TASK TO COMPLETE ::
As the answer, give exactly the lines of the records below from the one with "The three Barbaresco" through the one with "Promenaders have been", ends included and pictures left out.

[[ AVAILABLE DATA, beginning ]]

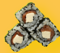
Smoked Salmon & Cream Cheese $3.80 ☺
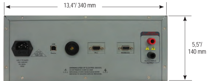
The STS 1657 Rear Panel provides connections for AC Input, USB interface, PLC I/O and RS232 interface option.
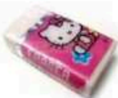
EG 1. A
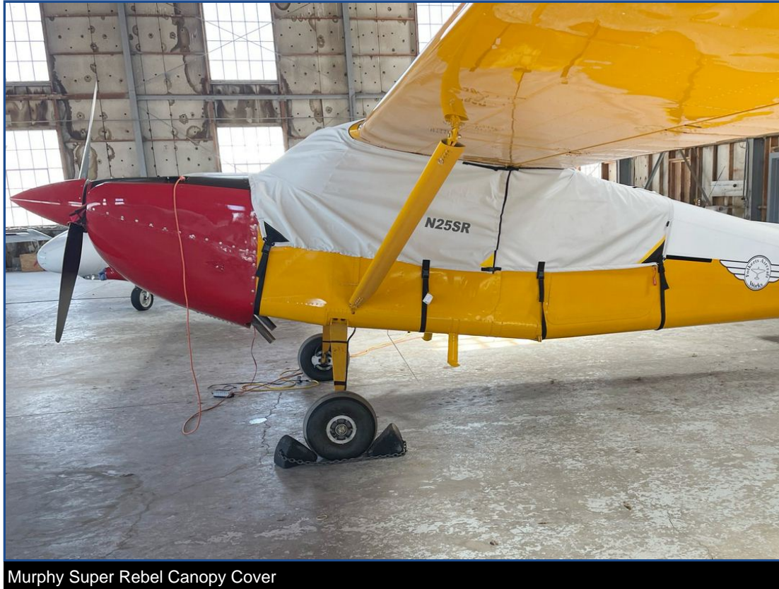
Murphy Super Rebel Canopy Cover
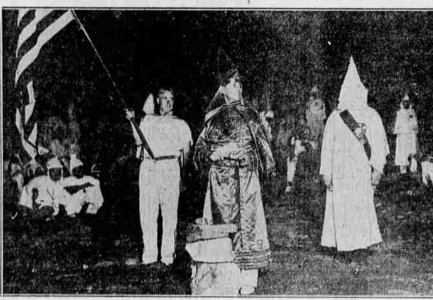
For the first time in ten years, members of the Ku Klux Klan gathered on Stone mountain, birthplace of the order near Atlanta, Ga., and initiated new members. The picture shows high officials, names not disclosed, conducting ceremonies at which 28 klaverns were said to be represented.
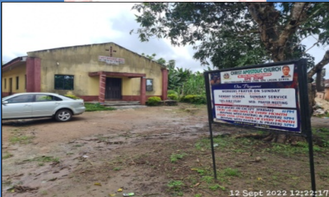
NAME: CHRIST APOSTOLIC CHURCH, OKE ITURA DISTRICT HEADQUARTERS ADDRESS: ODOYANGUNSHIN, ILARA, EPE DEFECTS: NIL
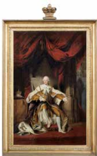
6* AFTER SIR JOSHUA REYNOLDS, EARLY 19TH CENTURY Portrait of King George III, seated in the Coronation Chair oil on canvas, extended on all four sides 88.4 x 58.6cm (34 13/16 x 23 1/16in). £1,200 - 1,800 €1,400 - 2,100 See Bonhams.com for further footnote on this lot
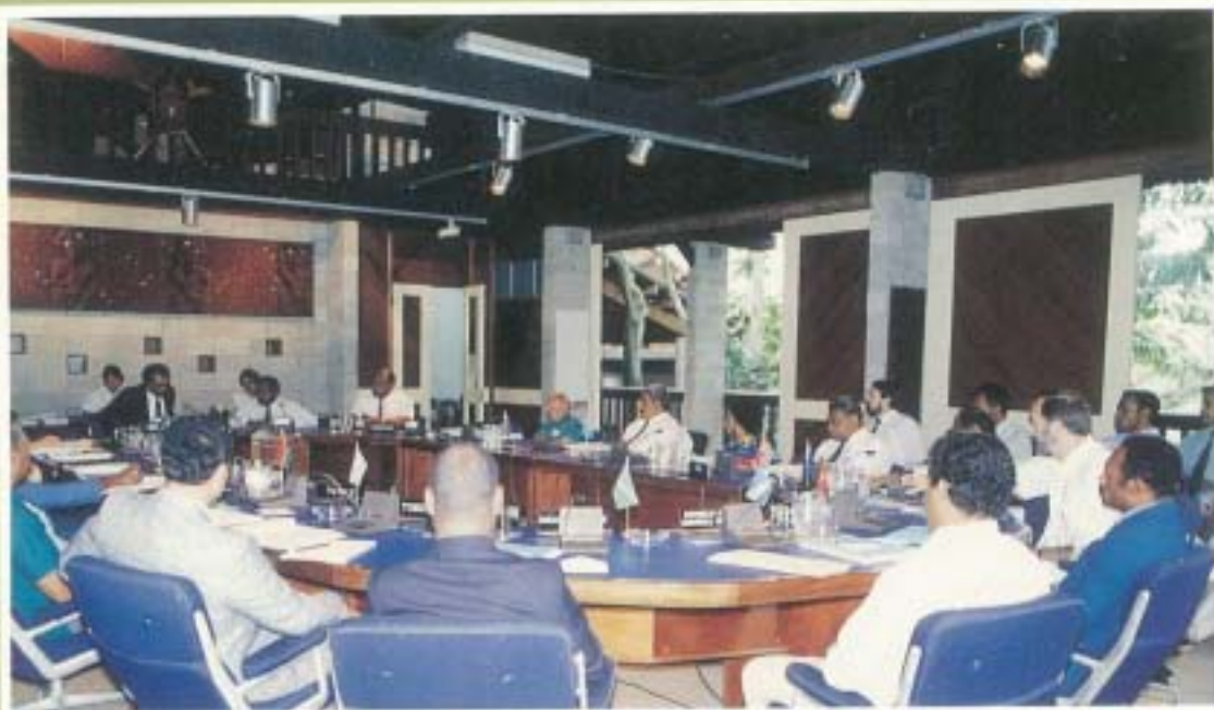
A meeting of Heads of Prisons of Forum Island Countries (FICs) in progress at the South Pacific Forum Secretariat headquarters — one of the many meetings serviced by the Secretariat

[[ AVAILABLE DATA, end ]]
[[ AVAILABLE DATA, beginning ]]

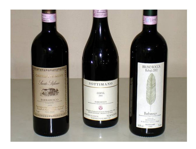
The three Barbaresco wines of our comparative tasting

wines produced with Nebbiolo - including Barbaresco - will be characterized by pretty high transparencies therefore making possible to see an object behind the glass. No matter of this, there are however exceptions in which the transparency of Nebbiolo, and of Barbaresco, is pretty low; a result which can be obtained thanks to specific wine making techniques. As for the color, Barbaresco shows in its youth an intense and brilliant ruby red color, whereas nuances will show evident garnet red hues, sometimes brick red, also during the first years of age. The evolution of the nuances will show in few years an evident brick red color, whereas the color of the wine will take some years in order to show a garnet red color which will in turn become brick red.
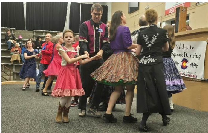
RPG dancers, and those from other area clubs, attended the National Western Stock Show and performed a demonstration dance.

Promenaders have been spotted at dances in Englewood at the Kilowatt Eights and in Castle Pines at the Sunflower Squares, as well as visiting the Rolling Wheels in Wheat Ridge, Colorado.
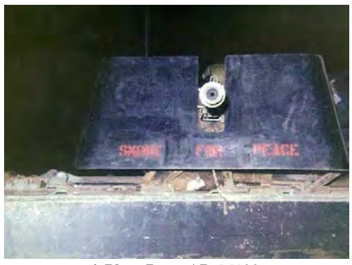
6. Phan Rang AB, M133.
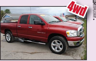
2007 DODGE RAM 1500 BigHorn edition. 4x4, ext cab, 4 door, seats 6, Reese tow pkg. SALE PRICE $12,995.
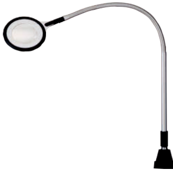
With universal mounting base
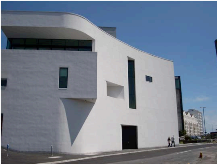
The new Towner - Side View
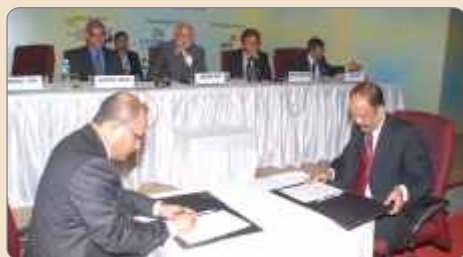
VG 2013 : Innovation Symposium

[[ AVAILABLE DATA, end ]]
[[ AVAILABLE DATA, beginning ]]

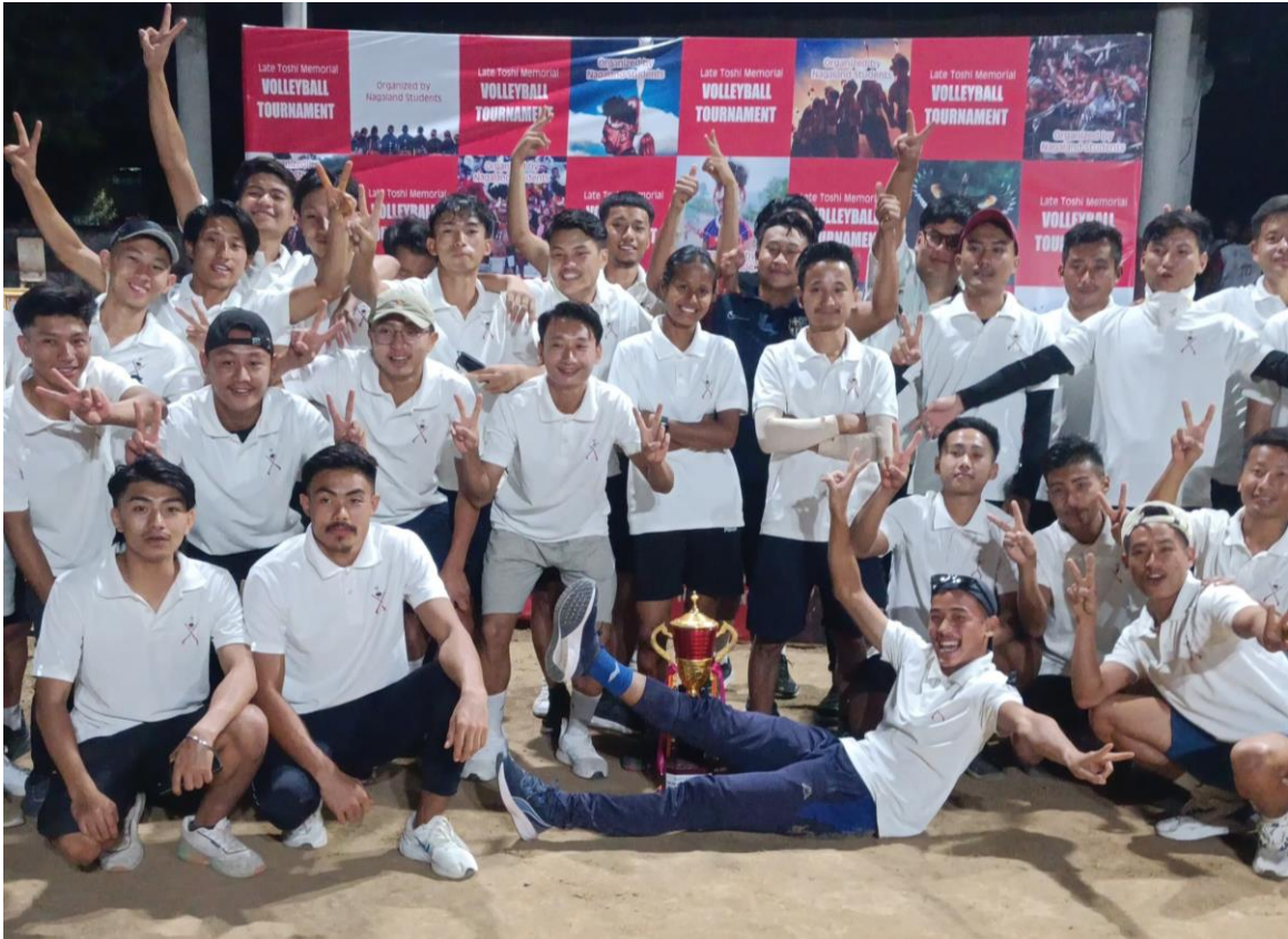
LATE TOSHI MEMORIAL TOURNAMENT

[[ AVAILABLE DATA, end ]]

REPLY ::
The three Barbaresco wines of our comparative tasting

wines produced with Nebbiolo - including Barbaresco - will be characterized by pretty high transparencies therefore making possible to see an object behind the glass. No matter of this, there are however exceptions in which the transparency of Nebbiolo, and of Barbaresco, is pretty low; a result which can be obtained thanks to specific wine making techniques. As for the color, Barbaresco shows in its youth an intense and brilliant ruby red color, whereas nuances will show evident garnet red hues, sometimes brick red, also during the first years of age. The evolution of the nuances will show in few years an evident brick red color, whereas the color of the wine will take some years in order to show a garnet red color which will in turn become brick red.
RPG dancers, and those from other area clubs, attended the National Western Stock Show and performed a demonstration dance.

Promenaders have been spotted at dances in Englewood at the Kilowatt Eights and in Castle Pines at the Sunflower Squares, as well as visiting the Rolling Wheels in Wheat Ridge, Colorado.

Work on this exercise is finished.